UN humanitarian chief Mark Lowcock told diplomats the “swift and wide-ranging” humanitarian response is just the first of a three-phased response to the tragedy.
“The second — recovery and reconstruction — will cost billions of dollars and require a mix of public and private finance,” he said. ”The third element is responding to the Lebanon’s pre-existing socioeconomic crisis which is already exacerbated by COVID-19.”
Lowcock, the undersecretary-general for humanitarian affairs and emergency relief coordinator, stressed the Beirut explosion last Tuesday “will have repercussions far beyond those we see in front of us now.”
He urged donors, international financial institutions and the wider international community to “come together and put their shoulder to the wheel,” stressing that the Lebanese people will be served best by a collective response.

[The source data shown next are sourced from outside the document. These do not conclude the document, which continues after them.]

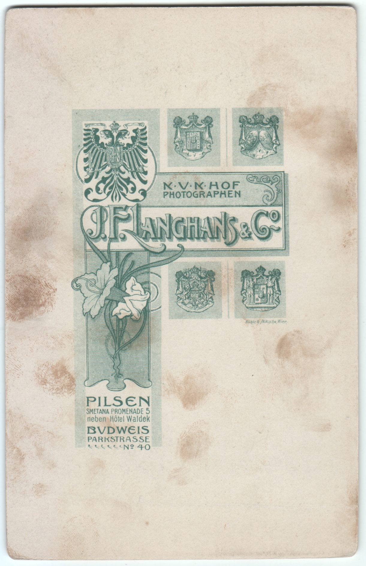 Photographer is Jan Langhans of different locations in what is now the Czech Republic. A number is stamped into the lower right corner of the paper, and if that’s the date, then it’s 1903.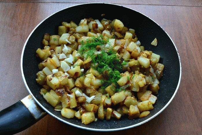 З баклажанів зніміть шкірку. А решту наріжте кубиком. Їх треба обсмажити на сковороді з олією до золотистої скоринки. Багато олії не наливайте. Зверніть увагу, що всі баклажани за раз не помістяться на сковороді. Якщо закласти все відразу, вони будуть тушкуватись. А нам потрібна скоринка на кубиках. Баклажани обсмажуйте або на двох сковорідках, або поетапно. Кожну партію приблизно по 7 хвилин.
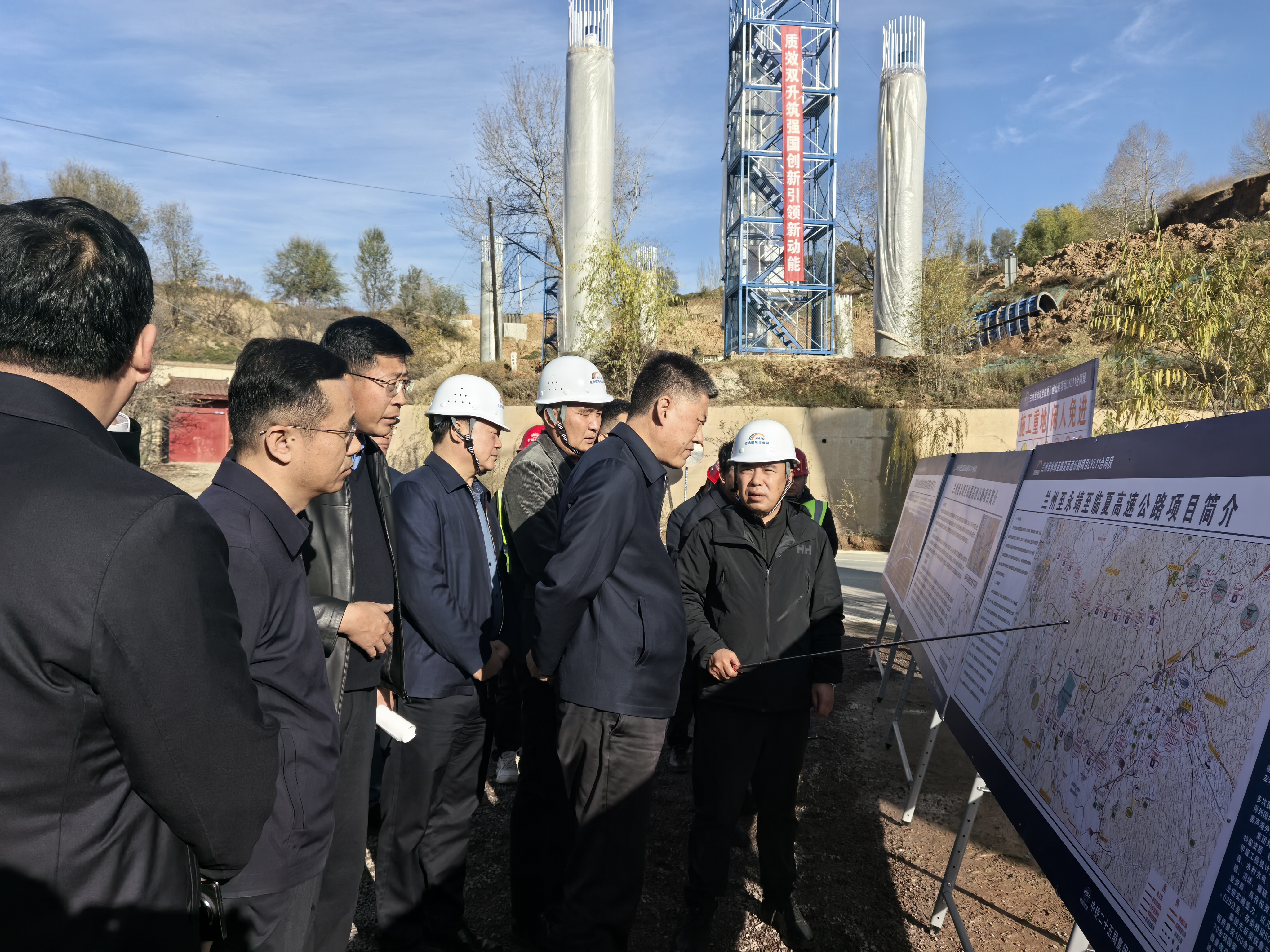 李海默一行深入兰永临高速公路项目东乡互通立交施工现场,听取了项目公司关于工程进度、征地拆迁、质量安全管控等方面的情况汇报,对项目建设取得的阶段性成效予以肯定。

UN Secretary-General Antonio Guterres told UN member nations the voices of Lebanon’s angry people “must be heard.”
“It is important that a credible and transparent investigation determine the cause of the explosion and bring about the accountability demanded by the Lebanese people,” he said. “It is also important that reforms be implemented so as to address the needs of the Lebanese people for the longer term.”
Guterres also pledged that “the United Nations will stand with Lebanon to help alleviate the immediate suffering and support its recovery.”